It cooled her pain immediately. “Wow, what is that?”

“Ancient cult secret,” Thea replied, giving her a sly glance.

“So, you don’t think I’m crazy.” Looking back, Kate felt foolish about everything she’d told her. Poltergeists seemed absurd to her, but Thea had absorbed her story with conviction. She’d listened concernedly.

Thea put the lid back on the tin and put it in her bag. “Most people don’t understand the subtlety of ghosts; it’s not like in the movies.”

“I’ve never seen anything like it,” Kate said again. “I’ve never believed in them.” With regret, Kate realized David was right, even though it was Jev’s presence he’d suspected was in the house trying to warn them of danger.

“We think in their whispers and sense with their memories,” Thea said, playing with a band of black jasper beads around her wrist. “Their presence is faint and often only detectable through peripheral awareness, kind of like looking at the stars—you notice them more when you aren’t concentrating directly on them. However, most spirits communicate with us through dreams.”

“How so?”

Thea stood and leaned against a brick wall that ran down one length of the bar. Ivy cascaded over the side of the wall like hair. “Dreams are the river of divine power flowing between our world and the spirit world. This is how the undead contact us to relay information, but you seem to have a physical gateway in your house, the window upstairs.”
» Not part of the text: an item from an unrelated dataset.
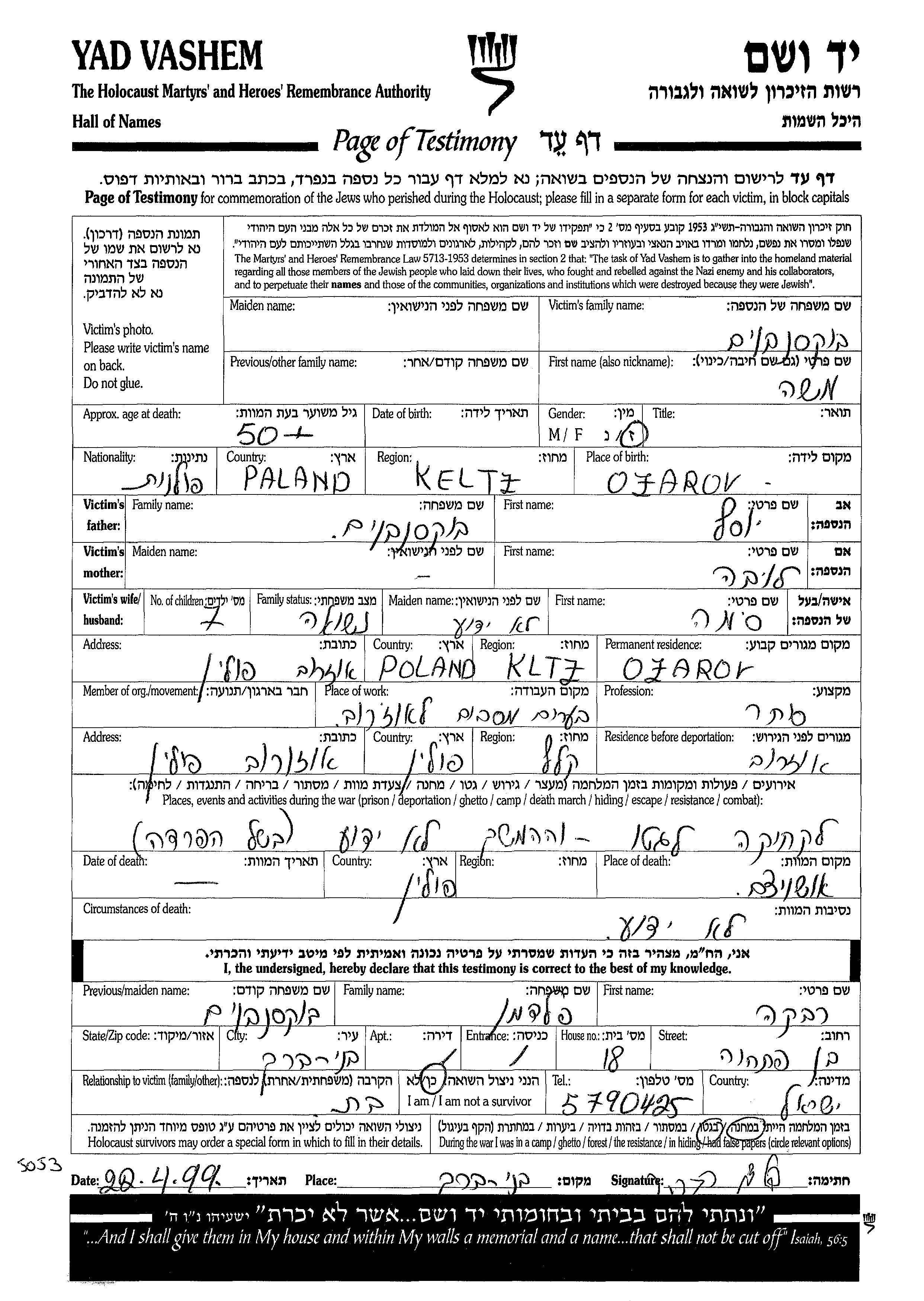 Moshe wurde in der Schoah ermordet. Todesort: Auschwitz, Polen.

The undead. Kate swallowed hard thinking about the room, how the window had opened the night Jev died and just before she’d spotted the stranger in the backyard. David had even seen a reflection in that window on Halloween, probably one of the women she’d seen tonight. “David believes it’s because someone died in that room.”

“It makes sense.”

It didn’t to Kate. How did ghosts exist at all? Everything she had learned, studied, and believed in seemed deficient now.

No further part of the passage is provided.